Quantum computing is an emerging technology that seeks to use the unique nature of the quantum realm – which exists at the scale of atoms and subatomic particles – to solve complex problems. In theory, large quantum computers could solve some types of problems, such as breaking cryptographic encryption or solve complex optimization problems, much faster than classical computers can. However, the current technology remains far from mature.

Quantum computers use quantum properties of elementary particles such as atoms, electrons or photons with qubits. These have the particularity of being able to manage states superimposing a 0 and a 1. Combined together, they make it possible to superimpose a large number of values.

So, what is a quantum computer and how does it differ from the computing systems we’re familiar with today?

Rather than using the binary system of 0s and 1s (bits) of classical computing, quantum computing uses qubits whose state at any moment in time can be represented by a complex number called an amplitude, which describes the probability of getting either 0 or 1 when reading out the state of the qubit. That complexity according to current thinking, could make quantum computers – especially large ones with many thousands or millions of qubits or more – better at solving difficult problems.

How does a quantum computer work, and what are potential quantum computing advantages? And what is a qubit?

A qubit can be any quantum-mechanical system which has two distinct and controllable quantum states, such as the polarization of a photon of light, the energy level of an atom or the spin of an electron. Because qubits can exist in more states than standard bits can, a quantum computer can handle much more information per qubit than a classical computer can per bit. For example, while 1024 bits provide 128 bytes of RAM, the same amount of data can be stored using just 10 qubits. A 1000-qubit quantum computer could manage 21000 different numbers.

What could quantum computers do?

So, what are quantum computers potentially capable of doing? Quantum computers are not expected to replace classical computers or supercomputers. They may perform better at certain kinds of computing tasks, but they will look and work very differently from the devices we use today. And, for many problems, conventional computers will remain the best option. But quantum computers might be able to deliver advantages for certain kinds of computing challenges, such as:

Cryptography

Developed by Peter Shor in 1994, Shor’s integer factoring algorithm is a quantum algorithm to identify the prime factors of any integer, or a whole number. That’s a problem that classical computers can’t solve in a practical timeframe today for large integers. Public-key cryptographic systems currently take advantage of this difficulty to create public keys used in data encryption for emails, online financial transactions and other secure communications like VPNs and SSH. The public key is a product of two very large prime numbers that are known only to the selected recipient. No one else in theory could calculate those primes to decrypt the message.

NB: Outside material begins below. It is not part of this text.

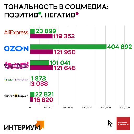 По данным аналитиков «Ашманов и партнёры» и «Интериума», большинство пользователей выражают негатив в отношении сроков, времени доставки товаров, удобстве использования десктопных и мобильных версий маркетплейсов. Важный аспект для пользователей ― оперативность площадок при работе со спорными ситуациями ― возврат товара, расчёт скидки, случаи мошенничества и др. Данная работа происходит как на самих площадках, так и в соцсетях.
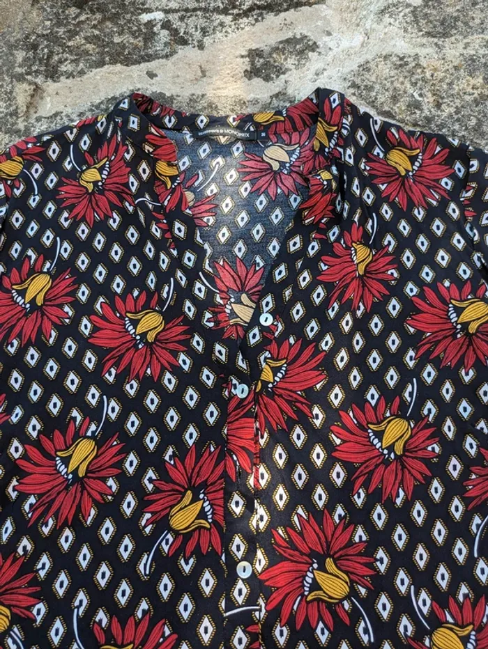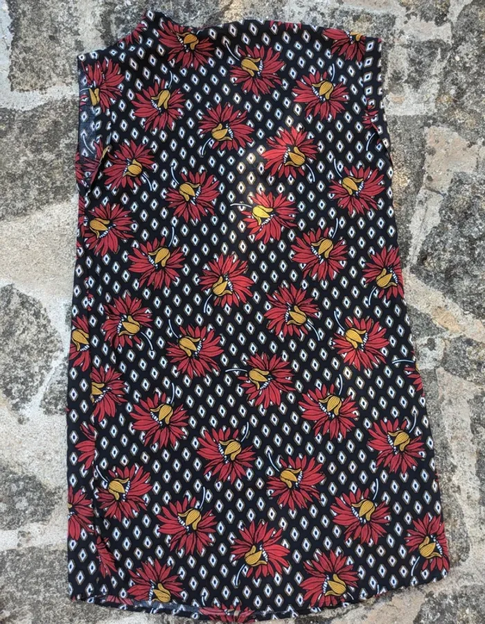 Robe courte à fleurs rouge et jaune, monoprix taille 36. Parfait état.

Shor’s algorithm shows that sufficiently powerful quantum computers could break today’s public-key cryptographic systems. This possibility has led to growing research into ways to provide stronger data security and privacy using quantum cryptography.

Optimisation problems

Beyond breaking cryptographic systems, what is a quantum computer potentially able to do? With the right amount of power, quantum computers could help to find optimal solutions to some kinds of problems with large numbers of potential outcomes. For example, they could be used to build models predicting the most likely paths for subatomic particles in high-energy physics research. Quantum computers could also solve the travelling sales person problem, which involves trying to find the shortest possible route between multiple destinations. Achieving this could bring great advances to big data technology.

Machine learning

With their optimisation capabilities, quantum computers could help create better models for machine learning and deep learning, with a lower error rate.

Other applications

There are many other potential applications for quantum computers, including developing new drugs or optimising finance. The key word is potential. While there are clear applications for which quantum computers would provide a powerful advantage over classical computers, the challenge is to build one that scales. Today’s technology isn’t yet advanced enough to be practical for real-world problems that regular computers can already solve, much less for tasks that today’s devices can’t handle.

What is the current state of quantum computing?

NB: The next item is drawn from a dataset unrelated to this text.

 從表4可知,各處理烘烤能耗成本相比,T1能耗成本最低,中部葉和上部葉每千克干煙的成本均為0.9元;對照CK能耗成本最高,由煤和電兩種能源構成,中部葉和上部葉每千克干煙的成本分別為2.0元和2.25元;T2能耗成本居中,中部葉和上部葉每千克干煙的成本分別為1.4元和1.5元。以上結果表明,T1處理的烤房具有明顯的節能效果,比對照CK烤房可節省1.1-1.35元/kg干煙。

The field of quantum computing appeared to take a big step forward in 2019, when a leaked research paper indicated that Google’s quantum computer Sycamore had achieved quantum supremacy. That’s a term that describes when quantum computers can quickly solve a problem that no classical computer could within a feasible timeframe.

In November 2021, the announcement of a 127-qubit processor marked the first time a device achieved the milestone of more than 100 qubits.

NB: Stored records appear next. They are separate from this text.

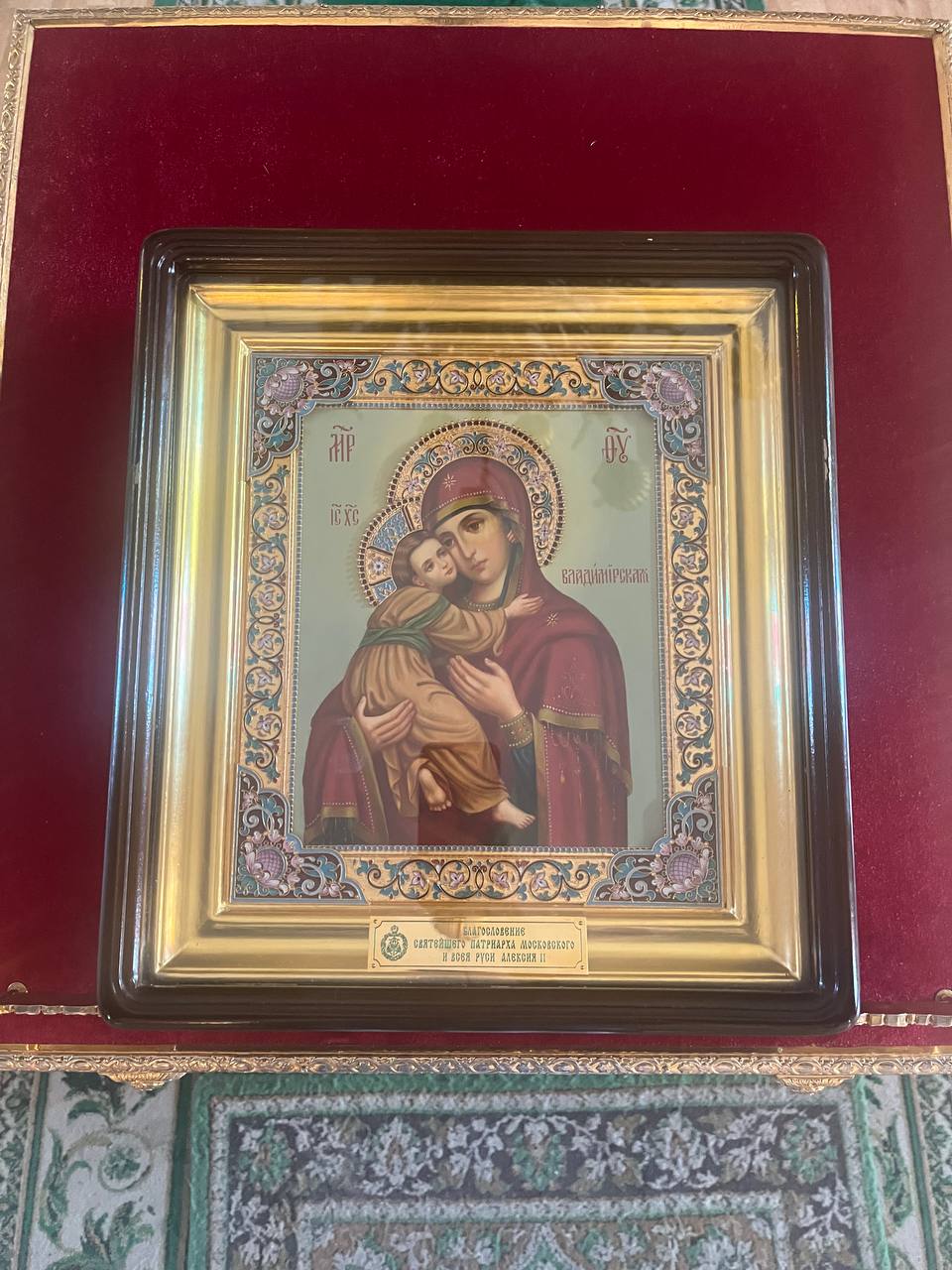 На середину храма для поклонения верующих был вынесен образ Владимирской иконы Божией Матери, принесенный в дар Святейшим Патриархом Алексием II.
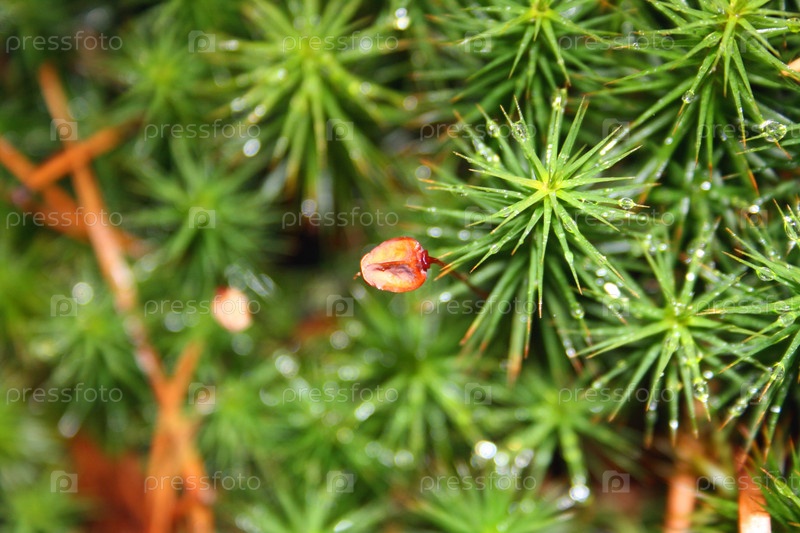 Мох с каплями воды крупным планом с размытостью
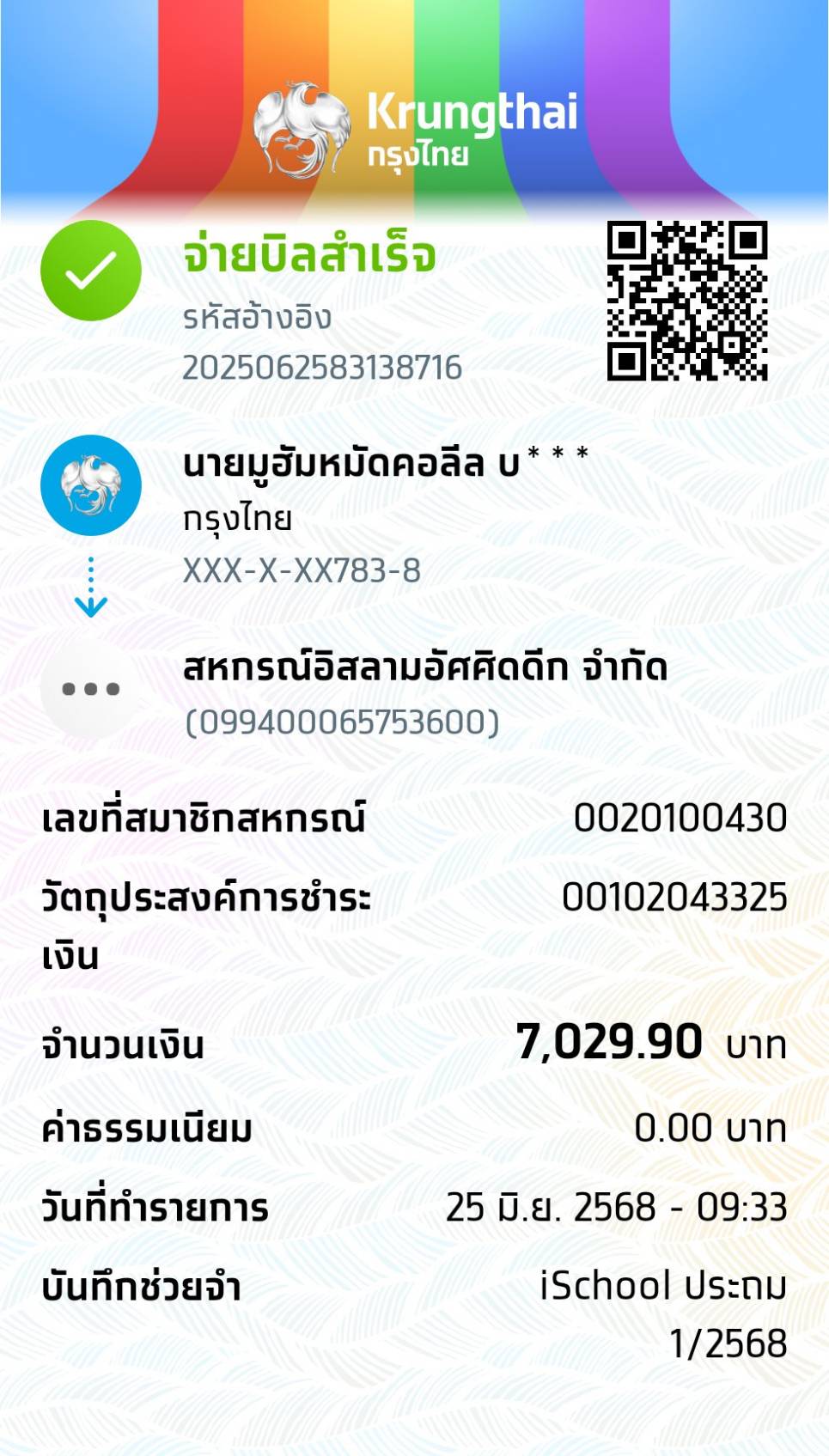 Paid BY : โอนผ่านบัญชี สหกรณ์อิสลามอัศศิดดีก จำกัด

What are the challenges for developing quantum computers?

The biggest obstacles are called noise and decoherence. When a quantum particle is not isolated from the surrounding environment, any unwanted interaction – even the act of taking a measurement – can cause it to collapse into a classical bit with a simple value of either 0 or 1. Noise and decoherence have a consequence: qubits have a very small lifetime, currently around 100 µs for superconducting qubits. Only a few quantum gates can be executed successfully during this amount of time.

Qubit noise and decoherence require the use of quantum error correction codes (QECC), which combines several physical qubits into logical qubits with an apparent much lower error rate and longer lifetime. While QECC concepts have been validated at small scale in labs, it is challenging to implement. First, scaling the number of qubits is complicated, whatever the type. Indeed, the number of physical qubits required to create a single logical qubit can be as large as a thousand. And we need at least 100 logical qubits to create a useful universal quantum computer. This equates to a 100,000 physical qubit system and today we’re only around 100.

Quantum computing hype vs. reality

Things behave in strange ways at the quantum level. Quantum objects act like both waves and particles at once. But measuring a quantum object collapses the wave function, so an observer sees it as a particle. Quantum objects can also exist in multiple states at once – something called superposition. And they can be entangled with other quantum objects.

What is quantum entanglement? It means that measuring one object also affects the entangled object, even if the two are far apart. Entangled quantum objects have correlated states, but random ones.

Because these behaviours are hard to understand and explain, they are often described in oversimplified ways. For example, it’s inaccurate to say a qubit is “both a 0 and a 1 at once”. And quantum computers are unlikely to always be better and faster than classical computers – for some types of problems, regular computers will remain the better option. Even where quantum computers could have an advantage, such as in breaking encryption, we are far from being able to build such a device.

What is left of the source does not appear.